Introduction

by Jeff Sapp

    Every teacher is a literacy teacher in the sense that they are concerned with the communication of ideas through text.  Consequently, this book is for all educators, because, no matter what age, grade, or subject one teachers, all teachers work from a cornerstone of literacy.


    The articles in chapter one take a historical look at the research on literacy, examining where we started, the studies that have most influenced practices, and the role of research in instructional change.  The authors examine the delicate balances that classroom teachers have to maintain to meet high ecademic standards and inspire and develop a lifelong love of reading in students’ lives.  These first articles are cornerstones that ground the volume in a historical context.


    “No education is politically neutral,” bell hooks (1) once said.  Certainly this is nowhere more evident than in the teaching of reading.  Chapter two focuses on the reading wars - a term so fraught with political, cultural, and social underpinnings that researchers have authored multitudes of volumes to understand its implications.  The articles examine the role of the reading researcher, the scapegoating by policymakers and others outside the field who demand a quick and easy political fix, and the consensus about what actually works in teaching reading.  The articles, in one way or another, ask us all to reflect on a critical question:  Who benefits in regard to the reading wars?


    Chapter three brings together methods that both researchers and practitioners agree work in teaching reading.  The chapter begins with a fascinating article about the pursuit of the illusive perfect method for teaching reading.  John Dewey wrote about the fixation educators have with “either-ors” nearly 70 years ago (2).  Dewey stated that there is experience and then there is education.  For education to be at its best, it needs both the praxis and the action.  Dewey was about pedagogical moderation and balance.  His words still ring true today and nowhere more so than in the politicized arena of literacy.  Researchers and practitioners agree on one thing:  good teachers bring a balanced approach to teaching reading.  In describing what works, this chapter offers some innovative content in the form of articles on brain-compatible learning, theories of human cognition, and the understanding that home culture plays a key role in school success.  Last of all, it offers a global perspective by looking at the research from a nine-country study on how teachers around the world approach teaching students to read.


    Chapter four, which provides an update on where research in the field of emergent literacy has been moving, has a great deal to offer all educators.  Reading instruction is such a large field and involves so many areas that even the experts have a difficult time keeping up with research findings, terminology, theory, and practice.  This comprehensive review of recent research in reading instruction offers what is currently considered state-of-the-art methods, including those that can help struggling readers succeed.


    In their book Literacy:   Reading the Word and the World, Paulo Freire and Donaldo Macedo call for a few of literacy as a form of cultural politics (3).  They believe that literacy “becomes a meaningful construct to the degree that it is viewed as a set of practices that functions to either empower or disempower people” (4).  Chapter five examines “critical literacy” - using language to exercise power and question the practices of privilege and injustice.  If students are to engage in reading and writing, then educators must meet them in their world and be with them in their struggles.  Combining literacy with social justice and empowerment is a way to make reading relevant to students.
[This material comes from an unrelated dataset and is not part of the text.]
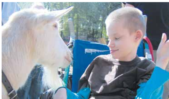
Fot. Archiwum SOSW nr 2

W programie imprezy rocznicowej przewidziano: koncerty muzyczne, prezentację albumu „Blżej Nas”, projekcje filmu „Wczoraj i dziś”, występy teatralne i zespołów muzycznych, zwiedzanie ośrodka i bal integracyjny.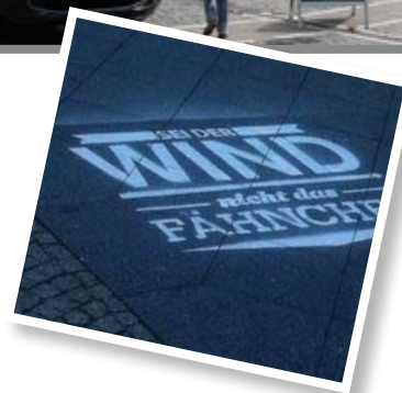
Die KreideStencils machten vorab auf die Aktion aufmerksam.

    When people think of teaching reading, they often think of the early elementary grades.  Yet one survey shows that only 40% of adolescents read well enough to maneuver the standard high school textbook (5).  The articles in chapter six look at a much-neglected field of literacy - secondary reading instruction.  What works?  What doesn’t?  How do teachers help unsuccessful high school students transform themselves into readers?  What are the effective instructive practices that work best for middle and high school students?
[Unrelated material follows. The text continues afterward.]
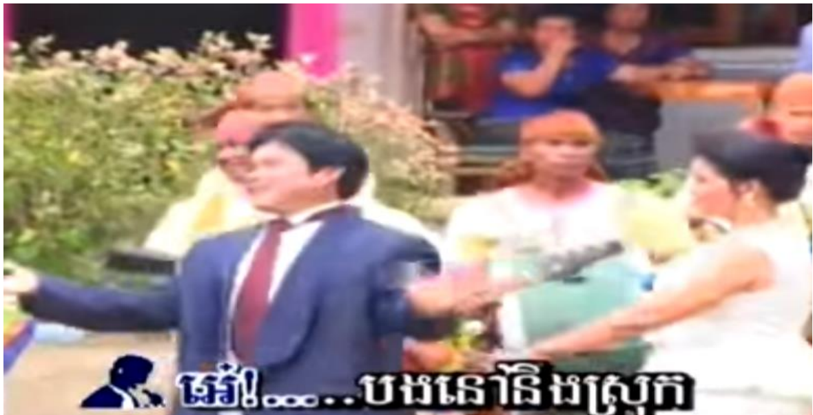
រូបទី ៦ កន្លឹមខាវ់អូខេដោយតួអក្សរខ្មែរ

នៅក្នុងខាវ់អូខេទាំងនោះ ក៏មានការប្រើតួអក្សរខ្មែរស្តង់ដារសម្រាប់យកទៅផ្សព្វផ្សាយនៅប្រទេសកម្ពុជាផងដែរ ដោយហេតុថា ខ្មែរភាគច្រើននៃប្រទេសកម្ពុជាមានការនិយមចម្រៀងប្រភេទនេះដែរ ។ ចំណុចនេះបង្ហាញឲ្យឃើញថា ការអនុវត្តភាសាខ្មែរសុរិទ្ធិបានធ្វើឡើងផងដែរតាមរយៈសិល្បៈកន្លឹម ។

    The poet Marge Piercy once wrote, “Attention is love, what we must give children, mothers, fathers, pets, our friends, the news, the woes of others.  What we want to change we curse and the pick up a tool.  Bless whatever you can with eyes and hands and tongue.  If you can’t bless it, get ready to make it anew.”  In a time when the pubic has a pathology about teaching reading, when politicians use literacy as their main election platform, and when teachers’ heads are spinning from the sheer effort of trying to keep up with the policy changes demanded of them, it is indeed time to “pick up a tool and make it anew” (6)  Synthesizing the most current thought and research on this most politicized subject, this volume is offered as one such tool.